Et oui, mes Cher·es Collègues, vous accompagnez le Président de la République dans cette mise au pas du Parlement, pire, cet enjambement du Parlement, puisqu’un texte non soumis au vote de l’Assemblée nationale, et peut-être même non soumis au vote des deux Chambres, si le gouvernement n’ouvre pas plus de jours de débat.
Un débat et une adoption en CMP, dominé par des parlementaires LR, pourtant en perte d’influence dans l’opinion publique.
C’est un coup de force institutionnel. Il faut donner au peuple les moyens d’y résister. Lui donner les moyens c’est lui donner la parole, c’est soumettre ce texte au référendum.

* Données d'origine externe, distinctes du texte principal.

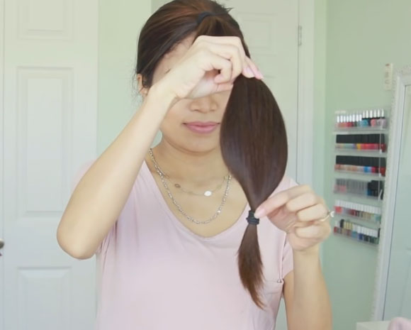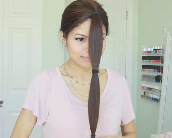 - Now tighten the hair in a tight and steady tail in the area of the crown.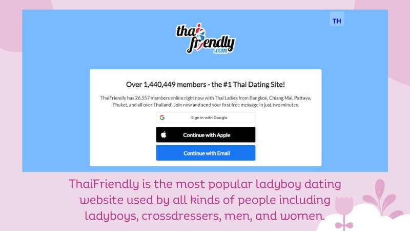 ThaiFriendly is the most popular ladyboy dating website used by all kinds of people including ladyboys, crossdressers, men, and women.

Qui, ici, peut oser dire, alors que plus de 90% des actifs rejettent le texte, restons entre nous, au Sénat, validons ce texte fondamental dans un temps contraint et barrons la route à l’expression populaire ?
Tout vote contre cette motion référendaire est un acte grave contre la Démocratie.
Celles et ceux qui s’entêteront dans ce déni de démocratie porteront la responsabilité de la mise à l’arrêt du pays et d’une légitime révolte.
Avec le groupe CRCE, je vous appelle donc solennellement à voter cette motion référendaire.